• Exercise brief: From the first line of the entries below through the line bearing "the farm was", write out each line exactly. Omit pictures.

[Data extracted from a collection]

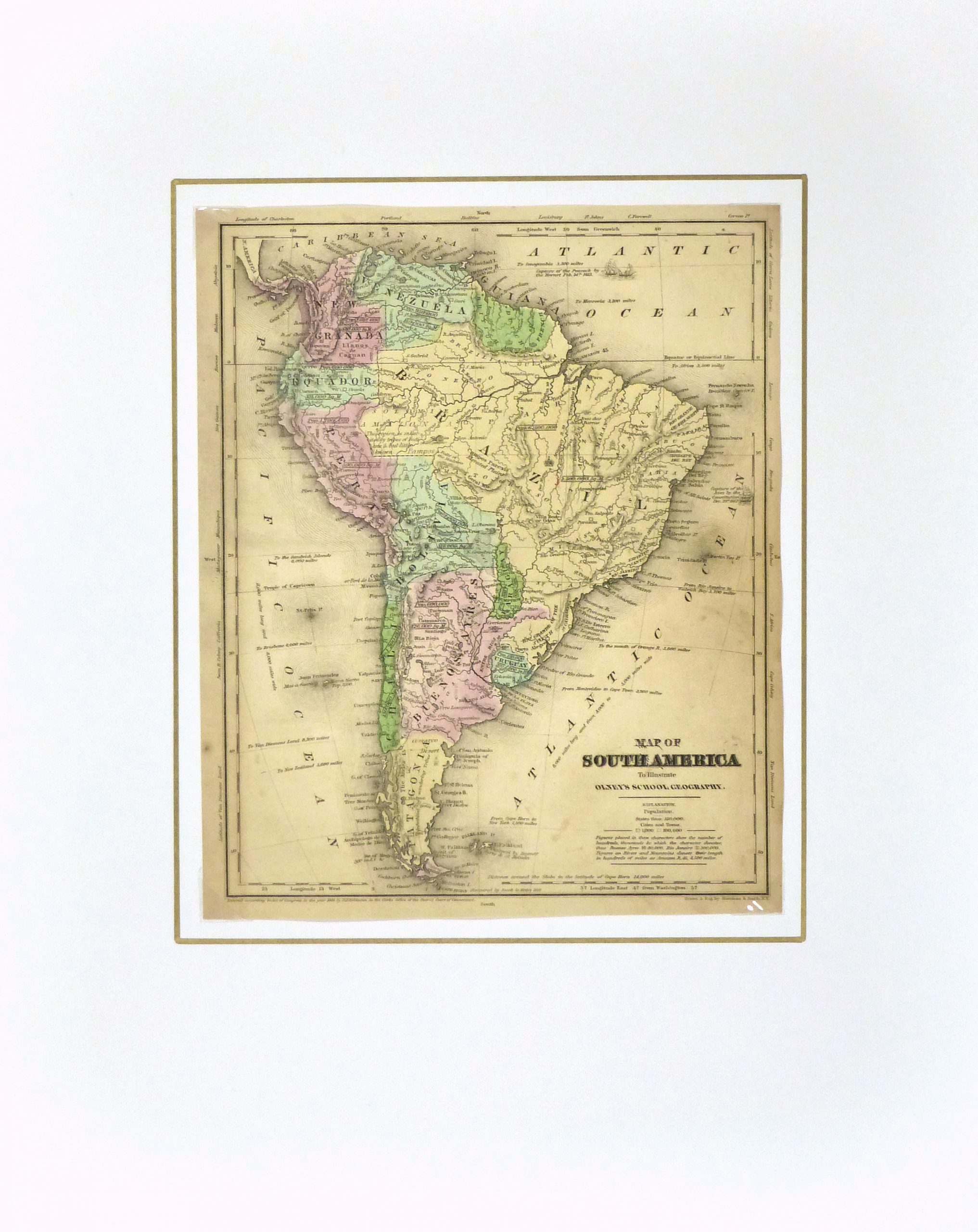 Antique map of South America, 1844. Shows the early country borders, mountains, rivers and towns. Original hand-color. Note Bolivia still has access to the Pacific , Patagonia is independent of Argentina or Chile. Panana is part of Colombia.
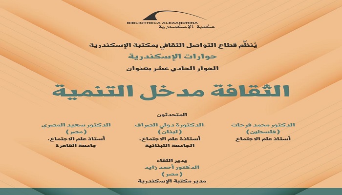 تنظّم مكتبة الإسكندرية الحوار الحادي عشر من سلسلة «حوارات الإسكندرية» تحت عنوان «الثقافة مدخل للتنمية»، وذلك يوم الأحد 30 نوفمبر 2025، في تمام الساعة الثانية عشرة ظهرًا بقاعة الوفود بمركز المؤتمرات.
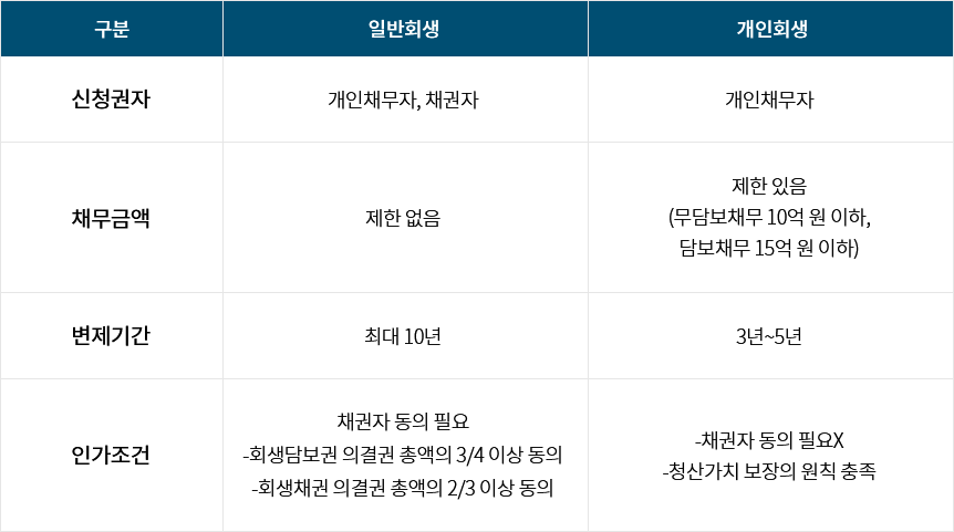 법률상 용어는 아니나 개인회생 절차와 구별을 위해 실무상 쓰는 용어로, 채무총액이 무담보채무 10억 원, 담보채무 15억 원 중 어느 하나라도 초과하여 개인회생제도를 이용할 수 없는 개인(의사, 한의사, 교사, 세무사 등 전문직) 및 개인사업자, 회생회사 관리인 등을 대상으로 하는 회생절차입니다.
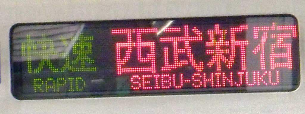 ▲拝島快速 拝 島 (2000系10連):緑LEDの種別表示は分かりにくいですね…。
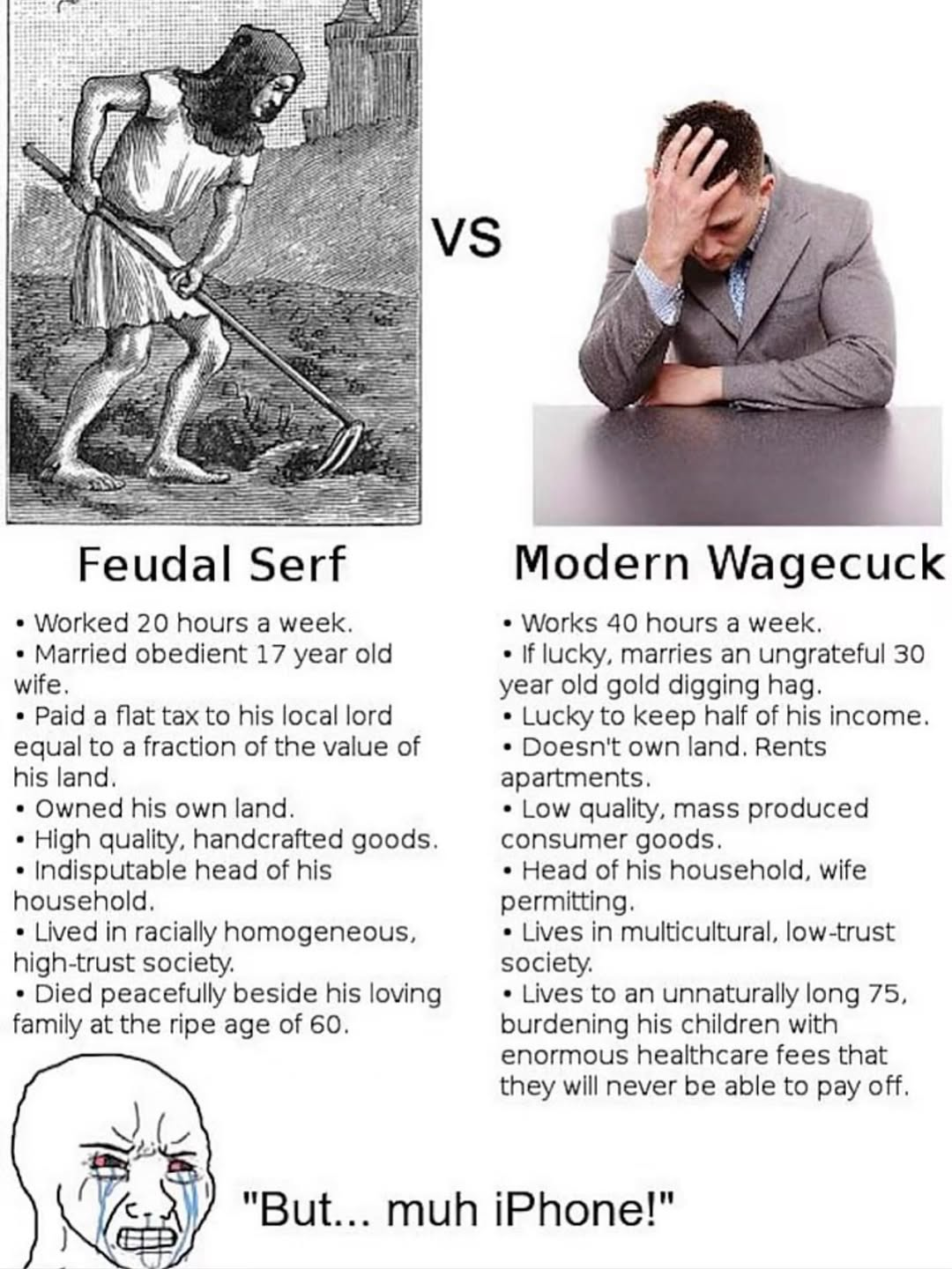 the farm was a guaranteed job though and often came with a wife for life. nothing is guaranteed for you in modern times
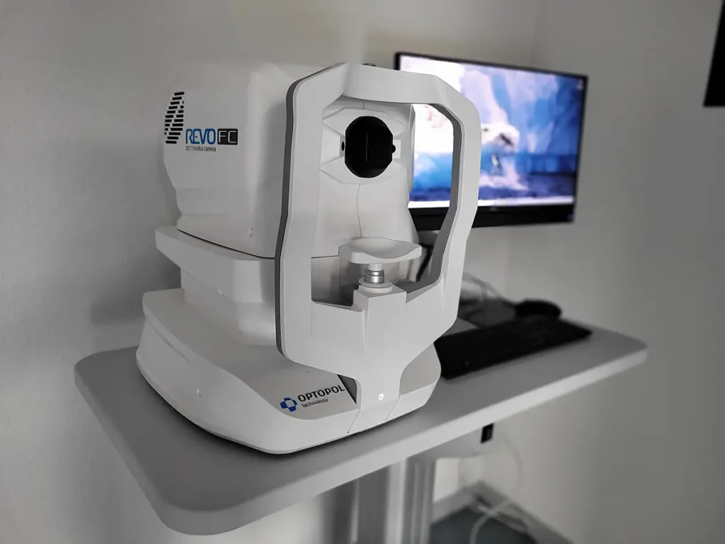 Unsere Praxis verfügt über moderne Geräte für eine präzise und schonende Diagnostik. Dazu zählt die Messung des Augeninnendrucks zur Früherkennung von Grünen Star (Glaukom), die genaue Ausmessung vorhandener Sehhilfen sowie modernste bildgebende Verfahren wie die dreidimensionale Vermessung der Makula und des Sehnerven mittels OCT (optische Kohärenztomografie).
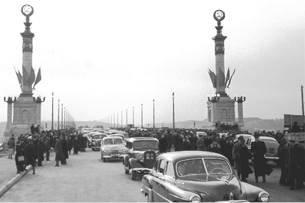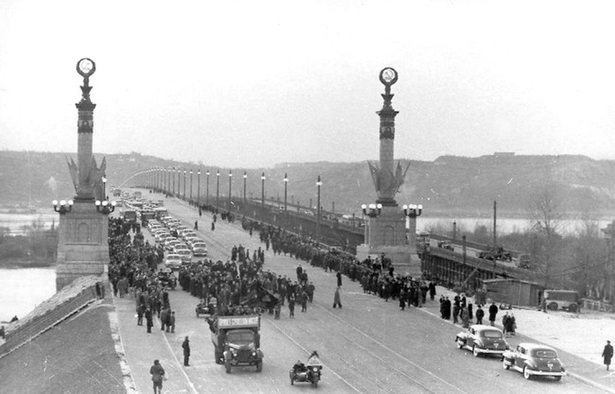 Киев с начала 1930-х годов активно развивался, о чем свидетельствуют архивные фото центра города, и 5 ноября 1953 года, через тринадцать лет после начала строительства, состоялось открытие первого в мире цельносварного моста длиной 1543 метра, соединившего берега Днепра между Выдубичами и Березняками. Назвали его в честь директора Института сварки АН УССР Евгения Патона, не дожившего до этого события три месяца.

• Task response:
 Antique map of South America, 1844. Shows the early country borders, mountains, rivers and towns. Original hand-color. Note Bolivia still has access to the Pacific , Patagonia is independent of Argentina or Chile. Panana is part of Colombia.
 تنظّم مكتبة الإسكندرية الحوار الحادي عشر من سلسلة «حوارات الإسكندرية» تحت عنوان «الثقافة مدخل للتنمية»، وذلك يوم الأحد 30 نوفمبر 2025، في تمام الساعة الثانية عشرة ظهرًا بقاعة الوفود بمركز المؤتمرات.
 법률상 용어는 아니나 개인회생 절차와 구별을 위해 실무상 쓰는 용어로, 채무총액이 무담보채무 10억 원, 담보채무 15억 원 중 어느 하나라도 초과하여 개인회생제도를 이용할 수 없는 개인(의사, 한의사, 교사, 세무사 등 전문직) 및 개인사업자, 회생회사 관리인 등을 대상으로 하는 회생절차입니다.
 ▲拝島快速 拝 島 (2000系10連):緑LEDの種別表示は分かりにくいですね…。
 the farm was a guaranteed job though and often came with a wife for life. nothing is guaranteed for you in modern times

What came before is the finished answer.